There are time it feels all my gifts, abilities, studying, spiritual ministries, including the holy spirit in me is limited by my femaleness. Has all that God bestowed upon me as an individual only reach as far as my gender? This would be ok with me if prominent men such as John Macarthur, in the evangelical lime light were not publicly declaring that women make men weak, that women preaching in churches is why the church is in rebellion today and that a curse is coming upon these women as laid out in Isaiah 3. he says there is no biblical proof for them to be permitted to speak in church. So women have submitted, because that is what they were taught is right. Women have surrendered their gifting’s to their “own” gender exclusively, and the children of course. God has anointed these faithful godly women to preach the word, God has raised up daughters and given inheritances and now there is a strong army of women no longer fitting undetected under the rug of conventional commentary.  
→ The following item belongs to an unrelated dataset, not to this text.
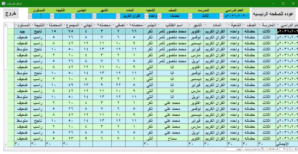 للافاده العام 2009ـ2010 لايوجد درجات اما العام 2030 فقد قمت بتعبئة الدرجات هذا من اجل المقارنه

The reasons this is so shocking to me still is the church has the bible, the church has Jesus the church has the word of God, the same word that in so many places honors godly women. The word of God exalts females who serve God and obey his word. God doesn’t look upon the outward but the inner parts of mankind, the heart, the heart which has no sex organs. Right? Why is it that in every other sector of life woman can be leaders, but not the church – in fact in the church they are not even permitted to speak! In Christ there is no division, no black or white, no man or woman, Jew or gentile, free or slave. This is the law of Liberty that we cling to. this is the spirit that we ought to be defined by. The things that look different on the outside have no bearing on our status or our ability to serve God fully. Where on earth would church teachers ever get the idea that God doesn’t see men and woman as equal in all regards?  In some ways the church has the most progressive constitution and document in the world. What is more advanced than the makers full scope of the universe beginning to end. Let me tell you a secret, that I hope you already know: it’s not God’s word that is outdated but our traditions. I believe we as humanity are far more outdated than God is.